= Mark Waddington (magician) =

British magician

Mark Waddington (born 4 June 1989 in Keighley, West Yorkshire, England), is a British comedy magician who currently resides in Skipton, North Yorkshire, England. He was voted "Best in the UK" for 2008. He specialises in close up magic.

==Career==
Waddington has worked as a comedy magician since the age of 12 when he made his professional debut at The City Varieties Music Hall in Leeds.

He supported magician Paul Zenon during his Stand-up show, as well as performing his own comedy magic act with Jimmy Cricket, Johnnie Casson, Bobby Knutt, Gorden Kaye, and others. He has appeared in the media many times and TV appearances include Channel 4, ITV and BBC. He has also made many appearances on the radio as a magician, including Fresh Radio, BCB Radio, BBC Radio Leeds, BBC Radio York, BBC Radio Sheffield and BBC Radio 1.
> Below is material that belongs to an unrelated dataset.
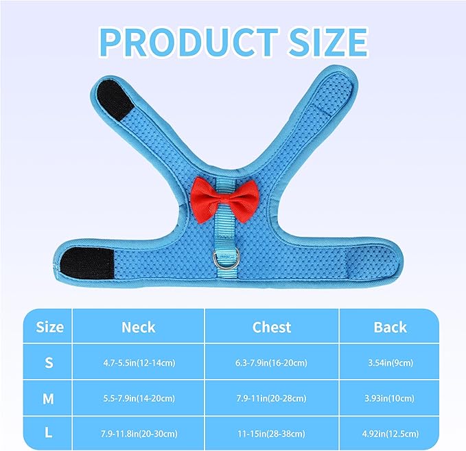 AIITLE Rabbit Harness and Leash Set with Cute Bow, Soft Breathable Mesh Vest Harness for Rabbits Kitten Ferret Puppy Small Pets Walking Supplies Blue L

Waddington also works as a specialised magic consultant for TV production. He acted as a magic consultant for ITV's Emmerdale, assisting recurring character Rodney to perform magic within the soap.

==Awards==
Waddington was crowned the First Place winner of Starnow UK talent search in [2008].

He became a member of The Magic Circle in May 2009.

In April 2019, his membership to The Magic Circle was reviewed, and he was promoted to an Associate of the Inner Magic Circle (AIMC).

Waddington has been awarded the ‘Best Entertainment’ at the North of England Wedding Awards, in 2014, 2016 and 2017.